Features that minimize validation noise are:
- Progressive Validation
- Cross Property Filtered Validation
We will illustrate how these are applied with a decorated PurchaseOrder class:
import {
IfValid,
IsAfterInstant,
IsDate,
IsDefined,
IsString,
IsInt,
} from '@fireflysemantics/validator';
export class PurchaseOrder {
@IsString()
@IsDefined()
id: string;
@IsString()
@IsDefined()
sku: string;
@IsDate()
@IsDefined()
purchaseDate: Date;
@IsAfterInstant('purchaseDate')
@IsDate()
@IsDefined()
@IfValid('purchaseDate')
receiptDate: Date;
@IsInt()
@IsDefined()
quantity: number;
constructor(o: any) {
//===================================
// Initialize the sku and id properties
// with Object.assign
//===================================
Object.assign(this, o);
}
}
We want to learn how to use these features.
Approach
Progressive Validation
If the @IsDefined
decorator validation on the sku
property fails, the rest of the decorators on the sku
property will not fire.
That is what progressive validation is.
It minimizes validation noise.
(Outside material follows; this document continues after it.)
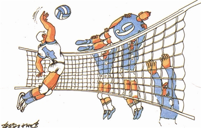 排球比赛的战术变化万千,其目的就是拦阻扣杀和进攻,并给予对手有力的回击。画中的运动员拦网显然是违规了,而作者的思路则是严重违规了。
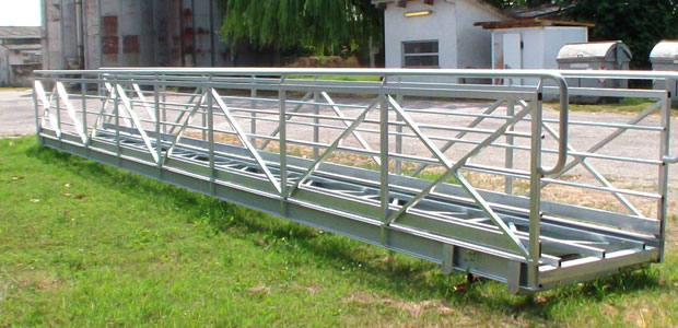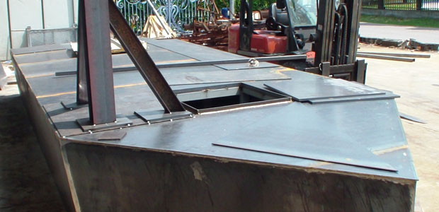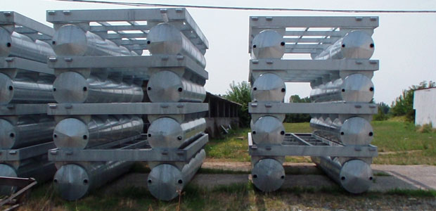 Abbiamo fotografato le varie parti che comporranno l’attracco da diporto. Si trovano, al momento, a Quattrocase, frazione di Casalmaggiore che, con la ditta Italian Zeta, ha avuto l’onore e l’onere di limare, saldare e sistemare ferro e acciaio zincato fino ad arrivare alla forma oggi visibile. Un pontone di testa, riconoscibile per la forma a punta, un pontone di sbarco che sarà collegato alla passerella (anche questa già pronta), quindici zatterini (o pontiletti) già zincati per i posti barca. Ora, vederli sull’erba o sul ciglio delle stradine di Quattrocase fa un po’ sorridere: presto però saranno un’opera, si spera, utile, anche per il rilancio turistico del Grande Fiume. L’ingegnere civile Secondo Visioli di Casalmaggiore mostra i disegni e spiega che tutto è stato calcolato al millimetro: “Abbiamo valutato il ribasso in posizione di magra, che servirà raggiungere per fissare l’attracco, e il rialzo in posizione di piena e abbiamo calcolato che ogni pontiletto, formato da due galleggianti e dalla griglia che li unisce, “pescherà” in acqua (ovvero andrà sotto) per 25 o 27 centimetri, a seconda del peso dell’acqua spostata. Io ho curato il progetto, che è stato poi confermato dall’ingegnere navale Carmelo Leonardo Telesca: questo perché un ingegnere civile non può, per la motorizzazione, avere l’ultima parola. La relazione è stata depositata in Provincia e ora un collaudatore farà iscrivere i pontoni di testa e di sbarco”.

Here’s an example:
let valid: boolean = validateProperty(po, 'sku');
assert.equal(valid, true, 'valid should be true');
po.sku = null;
valid = validateProperty(po, 'sku');
assert.equal(valid, false, 'valid should be false');
let oe: ObjectErrors = validate(po);
let errors: ValidationError[] = oe.errors;
assert.equal(errors.length, 1, 'There should only be one error');
Cross Property Filtered Validation
The @IsAfterInstant(‘purchaseDate’)
decorator checks that the purchaseDate
comes before the receiptDate
.
However we only want to perform the check if the purchaseDate
property is valid.
That is what the @IfValid(‘purchaseDate’)
does. If the purchaseDate
property is invalid, then receiptDate
validation will not proceed, as only the @IfValid
annotation will fire.
po.sku = 'sku';
po.purchaseDate = null;
valid = validateProperty(po, 'purchaseDate');
assert.equal(valid, false, 'valid should be false');
oe = validate(po);
errors = oe.errors;
assert.equal(errors.length, 2, 'There should only be two errors');
So in the above case only two ValidationError
instances are created. One for the @IsDefined
decorator on the purchaseDate
property and one for the @IfValid
decorator on the receiptDate
property.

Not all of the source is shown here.